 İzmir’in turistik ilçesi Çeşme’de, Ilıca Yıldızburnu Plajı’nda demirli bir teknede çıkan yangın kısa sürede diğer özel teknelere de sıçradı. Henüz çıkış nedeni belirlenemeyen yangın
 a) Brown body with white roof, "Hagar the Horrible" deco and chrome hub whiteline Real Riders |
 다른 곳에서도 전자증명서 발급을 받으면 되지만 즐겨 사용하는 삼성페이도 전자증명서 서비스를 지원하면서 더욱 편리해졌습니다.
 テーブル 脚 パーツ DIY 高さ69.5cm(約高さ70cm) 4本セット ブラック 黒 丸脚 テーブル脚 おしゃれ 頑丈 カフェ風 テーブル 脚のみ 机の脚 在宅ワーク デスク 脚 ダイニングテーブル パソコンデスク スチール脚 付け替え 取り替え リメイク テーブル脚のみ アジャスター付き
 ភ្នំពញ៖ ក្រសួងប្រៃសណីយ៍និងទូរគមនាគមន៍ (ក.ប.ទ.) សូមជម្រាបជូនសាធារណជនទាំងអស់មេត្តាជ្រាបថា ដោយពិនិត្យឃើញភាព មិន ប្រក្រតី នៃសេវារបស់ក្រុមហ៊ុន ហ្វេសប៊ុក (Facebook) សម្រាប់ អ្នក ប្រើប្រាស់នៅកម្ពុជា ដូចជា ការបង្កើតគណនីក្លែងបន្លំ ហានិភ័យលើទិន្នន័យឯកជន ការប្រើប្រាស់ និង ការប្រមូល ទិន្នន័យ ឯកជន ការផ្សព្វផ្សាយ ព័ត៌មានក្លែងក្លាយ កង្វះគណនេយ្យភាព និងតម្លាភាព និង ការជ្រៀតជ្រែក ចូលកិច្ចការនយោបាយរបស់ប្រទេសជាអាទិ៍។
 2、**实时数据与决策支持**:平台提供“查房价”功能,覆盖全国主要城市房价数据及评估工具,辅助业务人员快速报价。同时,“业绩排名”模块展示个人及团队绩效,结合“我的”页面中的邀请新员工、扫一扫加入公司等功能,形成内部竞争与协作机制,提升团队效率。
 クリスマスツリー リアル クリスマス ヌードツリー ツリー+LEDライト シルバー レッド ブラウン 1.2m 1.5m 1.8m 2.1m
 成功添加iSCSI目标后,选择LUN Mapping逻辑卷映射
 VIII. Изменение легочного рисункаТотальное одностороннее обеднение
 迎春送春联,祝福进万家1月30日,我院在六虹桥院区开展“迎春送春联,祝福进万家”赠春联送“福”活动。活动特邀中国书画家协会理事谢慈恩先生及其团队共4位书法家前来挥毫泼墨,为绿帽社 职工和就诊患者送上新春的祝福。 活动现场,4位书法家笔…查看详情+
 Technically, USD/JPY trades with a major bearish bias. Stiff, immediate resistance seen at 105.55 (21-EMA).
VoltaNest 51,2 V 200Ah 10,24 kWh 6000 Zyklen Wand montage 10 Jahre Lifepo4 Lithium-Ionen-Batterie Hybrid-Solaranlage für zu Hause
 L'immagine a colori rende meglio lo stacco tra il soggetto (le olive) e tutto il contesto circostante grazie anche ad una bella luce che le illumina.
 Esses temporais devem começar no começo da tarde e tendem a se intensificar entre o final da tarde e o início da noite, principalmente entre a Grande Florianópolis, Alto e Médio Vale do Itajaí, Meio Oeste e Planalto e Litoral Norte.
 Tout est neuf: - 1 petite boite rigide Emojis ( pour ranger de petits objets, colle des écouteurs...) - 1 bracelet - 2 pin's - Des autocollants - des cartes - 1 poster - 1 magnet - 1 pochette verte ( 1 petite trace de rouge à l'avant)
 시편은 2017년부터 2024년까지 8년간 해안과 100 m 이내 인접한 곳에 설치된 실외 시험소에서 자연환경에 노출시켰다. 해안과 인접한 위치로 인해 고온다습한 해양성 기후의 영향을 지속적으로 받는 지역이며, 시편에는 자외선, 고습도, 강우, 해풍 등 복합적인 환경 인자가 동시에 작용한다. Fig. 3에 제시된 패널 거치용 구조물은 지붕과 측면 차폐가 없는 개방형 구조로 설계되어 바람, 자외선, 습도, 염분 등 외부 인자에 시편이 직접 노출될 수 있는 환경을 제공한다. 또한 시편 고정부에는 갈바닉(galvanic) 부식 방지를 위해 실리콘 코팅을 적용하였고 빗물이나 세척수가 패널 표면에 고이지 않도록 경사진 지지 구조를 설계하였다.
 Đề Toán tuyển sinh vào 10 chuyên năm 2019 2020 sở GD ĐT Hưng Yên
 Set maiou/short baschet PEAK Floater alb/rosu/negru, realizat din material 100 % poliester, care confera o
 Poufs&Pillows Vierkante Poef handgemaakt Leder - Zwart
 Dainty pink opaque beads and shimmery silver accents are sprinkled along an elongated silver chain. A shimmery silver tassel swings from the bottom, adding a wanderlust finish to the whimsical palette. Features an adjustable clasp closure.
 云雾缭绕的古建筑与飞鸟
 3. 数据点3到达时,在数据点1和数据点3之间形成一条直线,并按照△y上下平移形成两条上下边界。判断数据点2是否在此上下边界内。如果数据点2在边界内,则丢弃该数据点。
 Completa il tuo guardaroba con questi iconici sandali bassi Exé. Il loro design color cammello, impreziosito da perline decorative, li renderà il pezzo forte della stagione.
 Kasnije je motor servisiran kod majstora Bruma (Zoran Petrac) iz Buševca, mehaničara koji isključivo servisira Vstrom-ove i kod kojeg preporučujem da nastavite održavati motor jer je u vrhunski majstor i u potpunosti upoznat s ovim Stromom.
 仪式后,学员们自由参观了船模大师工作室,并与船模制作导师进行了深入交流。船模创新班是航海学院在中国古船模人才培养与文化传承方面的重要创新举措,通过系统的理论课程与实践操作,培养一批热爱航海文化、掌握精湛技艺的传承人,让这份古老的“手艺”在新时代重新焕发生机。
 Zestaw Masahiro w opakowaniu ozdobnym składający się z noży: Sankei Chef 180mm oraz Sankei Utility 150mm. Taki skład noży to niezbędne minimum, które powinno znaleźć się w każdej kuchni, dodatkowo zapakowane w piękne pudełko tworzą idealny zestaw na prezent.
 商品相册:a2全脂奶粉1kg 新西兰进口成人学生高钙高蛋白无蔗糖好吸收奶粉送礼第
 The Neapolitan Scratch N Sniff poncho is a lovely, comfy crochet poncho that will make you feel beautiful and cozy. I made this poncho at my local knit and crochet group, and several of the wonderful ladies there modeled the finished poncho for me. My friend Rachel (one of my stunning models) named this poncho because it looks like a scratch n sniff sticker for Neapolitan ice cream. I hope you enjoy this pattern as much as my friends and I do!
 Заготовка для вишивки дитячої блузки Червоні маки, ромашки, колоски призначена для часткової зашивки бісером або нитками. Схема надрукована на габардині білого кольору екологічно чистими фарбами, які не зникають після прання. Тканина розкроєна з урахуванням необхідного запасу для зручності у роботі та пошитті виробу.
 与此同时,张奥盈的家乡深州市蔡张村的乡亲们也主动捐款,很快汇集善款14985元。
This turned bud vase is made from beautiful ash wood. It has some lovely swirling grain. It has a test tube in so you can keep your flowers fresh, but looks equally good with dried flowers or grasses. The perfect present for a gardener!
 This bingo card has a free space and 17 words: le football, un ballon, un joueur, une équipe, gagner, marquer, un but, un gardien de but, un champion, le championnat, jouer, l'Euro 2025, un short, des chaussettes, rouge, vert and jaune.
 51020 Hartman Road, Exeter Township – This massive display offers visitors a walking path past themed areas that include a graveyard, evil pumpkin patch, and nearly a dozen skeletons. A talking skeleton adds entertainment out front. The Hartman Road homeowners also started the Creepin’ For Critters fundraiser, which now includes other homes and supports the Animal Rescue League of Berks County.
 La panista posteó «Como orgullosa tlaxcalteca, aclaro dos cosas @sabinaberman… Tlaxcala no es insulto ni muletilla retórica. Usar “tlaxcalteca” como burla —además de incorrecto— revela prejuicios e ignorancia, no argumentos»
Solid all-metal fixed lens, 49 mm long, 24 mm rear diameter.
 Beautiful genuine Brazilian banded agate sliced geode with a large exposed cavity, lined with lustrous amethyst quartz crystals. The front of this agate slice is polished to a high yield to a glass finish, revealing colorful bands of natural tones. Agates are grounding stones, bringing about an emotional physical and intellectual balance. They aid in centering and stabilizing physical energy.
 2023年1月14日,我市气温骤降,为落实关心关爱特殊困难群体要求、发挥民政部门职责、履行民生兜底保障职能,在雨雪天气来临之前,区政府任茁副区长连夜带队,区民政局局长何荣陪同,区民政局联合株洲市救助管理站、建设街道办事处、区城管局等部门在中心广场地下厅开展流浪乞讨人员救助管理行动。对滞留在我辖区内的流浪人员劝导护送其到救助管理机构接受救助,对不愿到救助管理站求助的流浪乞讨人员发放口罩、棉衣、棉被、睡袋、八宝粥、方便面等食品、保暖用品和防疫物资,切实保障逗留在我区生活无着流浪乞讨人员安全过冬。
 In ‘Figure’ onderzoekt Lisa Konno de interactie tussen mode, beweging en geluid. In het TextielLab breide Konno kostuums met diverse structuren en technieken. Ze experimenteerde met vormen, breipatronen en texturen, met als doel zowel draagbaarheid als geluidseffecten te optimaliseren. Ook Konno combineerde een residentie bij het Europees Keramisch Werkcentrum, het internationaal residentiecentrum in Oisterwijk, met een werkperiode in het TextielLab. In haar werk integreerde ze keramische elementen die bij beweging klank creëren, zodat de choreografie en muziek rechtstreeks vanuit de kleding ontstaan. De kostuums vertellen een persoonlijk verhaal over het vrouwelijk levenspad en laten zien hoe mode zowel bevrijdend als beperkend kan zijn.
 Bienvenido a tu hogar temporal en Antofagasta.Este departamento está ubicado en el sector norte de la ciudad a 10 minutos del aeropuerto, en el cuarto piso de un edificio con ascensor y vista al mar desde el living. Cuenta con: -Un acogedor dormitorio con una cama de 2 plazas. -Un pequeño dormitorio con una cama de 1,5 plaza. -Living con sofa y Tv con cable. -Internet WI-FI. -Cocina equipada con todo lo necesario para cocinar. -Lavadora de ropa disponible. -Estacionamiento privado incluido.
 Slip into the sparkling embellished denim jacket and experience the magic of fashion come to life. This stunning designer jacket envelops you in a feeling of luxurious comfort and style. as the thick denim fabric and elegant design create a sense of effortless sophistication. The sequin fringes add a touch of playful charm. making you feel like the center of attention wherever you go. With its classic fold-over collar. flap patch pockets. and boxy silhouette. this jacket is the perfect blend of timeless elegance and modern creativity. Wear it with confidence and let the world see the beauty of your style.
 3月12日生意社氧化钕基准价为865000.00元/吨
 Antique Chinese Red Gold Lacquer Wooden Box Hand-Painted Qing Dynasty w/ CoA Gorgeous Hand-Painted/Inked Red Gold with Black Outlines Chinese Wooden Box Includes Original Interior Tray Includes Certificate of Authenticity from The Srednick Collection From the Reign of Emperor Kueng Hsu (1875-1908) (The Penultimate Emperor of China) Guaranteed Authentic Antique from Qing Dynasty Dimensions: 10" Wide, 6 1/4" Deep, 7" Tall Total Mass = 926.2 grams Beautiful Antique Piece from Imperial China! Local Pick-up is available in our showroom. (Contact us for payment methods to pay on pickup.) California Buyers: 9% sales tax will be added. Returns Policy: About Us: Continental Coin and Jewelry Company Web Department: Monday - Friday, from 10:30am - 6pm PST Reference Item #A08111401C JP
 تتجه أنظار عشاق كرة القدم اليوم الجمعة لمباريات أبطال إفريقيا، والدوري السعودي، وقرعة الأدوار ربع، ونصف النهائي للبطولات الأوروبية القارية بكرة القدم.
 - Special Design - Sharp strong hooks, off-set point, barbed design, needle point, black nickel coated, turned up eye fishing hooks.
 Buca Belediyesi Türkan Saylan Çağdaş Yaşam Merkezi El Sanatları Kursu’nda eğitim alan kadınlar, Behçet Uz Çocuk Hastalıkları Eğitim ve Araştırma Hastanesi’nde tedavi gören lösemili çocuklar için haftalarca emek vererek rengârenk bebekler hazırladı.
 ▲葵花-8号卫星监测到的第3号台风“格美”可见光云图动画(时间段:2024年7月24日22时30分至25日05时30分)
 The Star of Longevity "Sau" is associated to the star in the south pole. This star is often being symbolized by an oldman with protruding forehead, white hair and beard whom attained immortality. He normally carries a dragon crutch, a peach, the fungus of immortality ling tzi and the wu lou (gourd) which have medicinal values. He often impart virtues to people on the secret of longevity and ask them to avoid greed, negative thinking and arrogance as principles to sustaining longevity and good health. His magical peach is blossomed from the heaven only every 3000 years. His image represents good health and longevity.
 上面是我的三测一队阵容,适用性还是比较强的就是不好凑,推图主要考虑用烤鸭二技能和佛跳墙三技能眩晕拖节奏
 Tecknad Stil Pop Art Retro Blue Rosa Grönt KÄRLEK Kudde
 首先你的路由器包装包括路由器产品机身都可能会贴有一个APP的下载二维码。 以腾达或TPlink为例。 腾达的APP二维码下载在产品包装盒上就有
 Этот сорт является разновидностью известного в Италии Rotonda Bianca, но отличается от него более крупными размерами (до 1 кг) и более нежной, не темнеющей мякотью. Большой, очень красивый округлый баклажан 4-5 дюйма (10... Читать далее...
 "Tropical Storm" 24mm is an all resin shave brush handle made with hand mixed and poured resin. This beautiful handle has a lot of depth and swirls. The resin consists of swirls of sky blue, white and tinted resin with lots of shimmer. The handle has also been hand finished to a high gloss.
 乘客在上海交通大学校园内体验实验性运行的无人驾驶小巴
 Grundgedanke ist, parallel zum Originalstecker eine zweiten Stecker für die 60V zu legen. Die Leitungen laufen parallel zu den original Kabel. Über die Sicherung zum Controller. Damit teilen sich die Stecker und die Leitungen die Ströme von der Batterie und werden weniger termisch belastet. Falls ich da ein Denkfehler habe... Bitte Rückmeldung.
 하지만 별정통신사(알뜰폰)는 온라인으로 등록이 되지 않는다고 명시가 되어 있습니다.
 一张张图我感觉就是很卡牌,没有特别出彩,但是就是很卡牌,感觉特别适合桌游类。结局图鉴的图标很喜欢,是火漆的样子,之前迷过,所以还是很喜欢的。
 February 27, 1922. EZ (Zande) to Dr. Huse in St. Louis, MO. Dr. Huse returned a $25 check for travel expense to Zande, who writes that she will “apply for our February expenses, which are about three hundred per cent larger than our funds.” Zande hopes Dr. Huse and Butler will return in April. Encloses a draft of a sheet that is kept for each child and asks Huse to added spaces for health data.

=-=-=

What needs to be done => Taking the listing above as the source, transcribe only the lines starting at the line with "Этот сорт является" and going through the line with "a high gloss.", unaltered and with both ends included.

Solution to the problem =>
 Этот сорт является разновидностью известного в Италии Rotonda Bianca, но отличается от него более крупными размерами (до 1 кг) и более нежной, не темнеющей мякотью. Большой, очень красивый округлый баклажан 4-5 дюйма (10... Читать далее...
 "Tropical Storm" 24mm is an all resin shave brush handle made with hand mixed and poured resin. This beautiful handle has a lot of depth and swirls. The resin consists of swirls of sky blue, white and tinted resin with lots of shimmer. The handle has also been hand finished to a high gloss.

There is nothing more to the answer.